In deze zaak vorderde de stichting Maasziekenhuis Pantein, gevestigd te Boxmeer, dat de ouders van het minderjarige kind [J] hoofdelijk zouden worden veroordeeld tot betaling van medische kosten. De ouders, [H] en [U], waren wettelijk vertegenwoordigers van [J] en waren verantwoordelijk voor de betaling van de kosten van de medische behandeling die [J] had ondergaan voor een acute blindedarmontsteking. De behandeling vond plaats tussen 23 februari 2006 en 21 april 2006, terwijl het gezag over [J] ten tijde van de behandeling in handen was van beide ouders. Pantein vorderde een bedrag van € 6028,91, vermeerderd met rente, en stelde dat beide ouders hoofdelijk aansprakelijk waren voor de kosten, ongeacht hun persoonlijke omstandigheden met betrekking tot de ziektekostenverzekering.

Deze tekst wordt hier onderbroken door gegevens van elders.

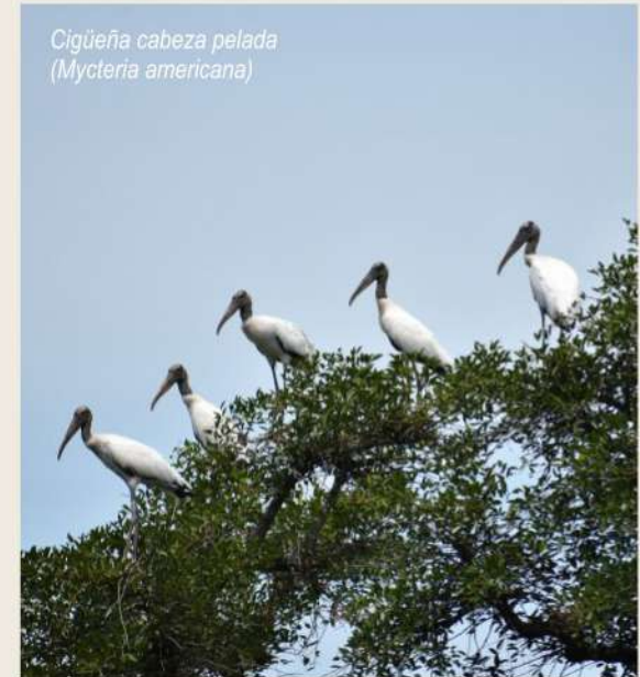
Cigüeña cabeza pelada (Mycteria americana)
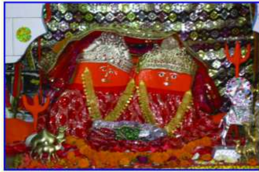
કચ્છમાં મુળ સ્થાનક મોમાઈમોરામાં બિરાજમાન શ્રી મોમાઈ માતાજી તથા શ્રી આશાપુરા માતાજી
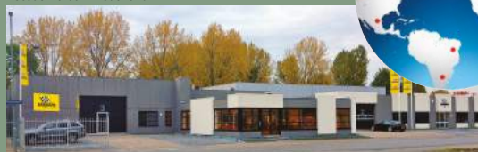
Locatie Bardahl Nederland

De gedaagden voerden aan dat zij niet verantwoordelijk waren voor de kosten, omdat [H] in de veronderstelling verkeerde dat [J] verzekerd was bij [U]. [U] stelde op haar beurt dat Pantein haar zorgplicht had geschonden door niet te verifiëren of [J] verzekerd was voordat de behandeling plaatsvond. De kantonrechter oordeelde dat Pantein in een acute situatie verplicht was om zorg te verlenen, ongeacht de verzekeringsstatus van [J]. De rechter concludeerde dat beide ouders hoofdelijk aansprakelijk waren voor de kosten, omdat zij beiden het ouderlijk gezag uitoefenden en geen bewijs was geleverd dat er afspraken waren gemaakt over wie verantwoordelijk was voor de ziektekostenverzekering.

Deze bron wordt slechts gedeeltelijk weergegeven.